(Input begins)

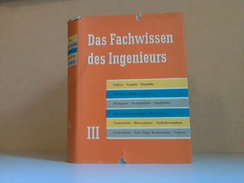 das Buch ist ein Dachbodenfund, gebräunt, fleckig, Umschlagkanten mit stärkeren Bestoßungen, aus dem Inhalt: Band 3: Stahlbau - Fördergeräte - Bau- und Baustoffmaschinen - Landmaschinen und Traktoren. Beschreibung vom Antiquariat Ardelt 1a6a Antiquariat Ardelt
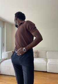 Világoszöld, hosszú ujjú polo póló, amelyet magas derekú, olíva zöld nadrággal és sötétbarna cipővel párosítottak, semleges háttér előtt.
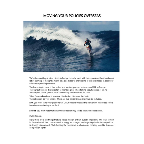 We’ve been adding a lot of clients in Europe recently. And with this expansion, there has been a lot of learning! I thought it might be a good idea to share some of this knowledge in case your sales are expanding overseas. The first thing to know is that unless you are lost, you can not mention MAP in Europe. Throughout Europe, it is verboten to mention price when talking about policies. I am no attorney but I have spent a lot of time talking to them that’s for sure.
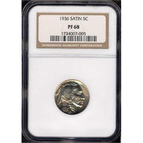 <b>1936 Buffalo Nickel. Type 1. PCGS graded Proof 68.</b> A splendid pale toned gem with forceful luster, utterly pristine originality, a confident strike, and eye appeal that just won't relinquish your attention. Watch the bidders react to this one! Proof mintage was only 4,420 pieces. You can bet your bottom dollar very few equal it <b>(PCGS # 3994)</b> <i>
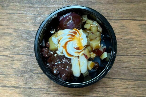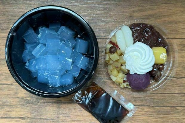 容器は、トッピング、寒天、黒蜜が分かれているセパレートタイプ。

(Input ends)

» **Exercise instructions**: Print all the entries again exactly as written, but without the pictures.

» **The answer**:
 das Buch ist ein Dachbodenfund, gebräunt, fleckig, Umschlagkanten mit stärkeren Bestoßungen, aus dem Inhalt: Band 3: Stahlbau - Fördergeräte - Bau- und Baustoffmaschinen - Landmaschinen und Traktoren. Beschreibung vom Antiquariat Ardelt 1a6a Antiquariat Ardelt
 Világoszöld, hosszú ujjú polo póló, amelyet magas derekú, olíva zöld nadrággal és sötétbarna cipővel párosítottak, semleges háttér előtt.
 We’ve been adding a lot of clients in Europe recently. And with this expansion, there has been a lot of learning! I thought it might be a good idea to share some of this knowledge in case your sales are expanding overseas. The first thing to know is that unless you are lost, you can not mention MAP in Europe. Throughout Europe, it is verboten to mention price when talking about policies. I am no attorney but I have spent a lot of time talking to them that’s for sure.
 <b>1936 Buffalo Nickel. Type 1. PCGS graded Proof 68.</b> A splendid pale toned gem with forceful luster, utterly pristine originality, a confident strike, and eye appeal that just won't relinquish your attention. Watch the bidders react to this one! Proof mintage was only 4,420 pieces. You can bet your bottom dollar very few equal it <b>(PCGS # 3994)</b> <i>
 容器は、トッピング、寒天、黒蜜が分かれているセパレートタイプ。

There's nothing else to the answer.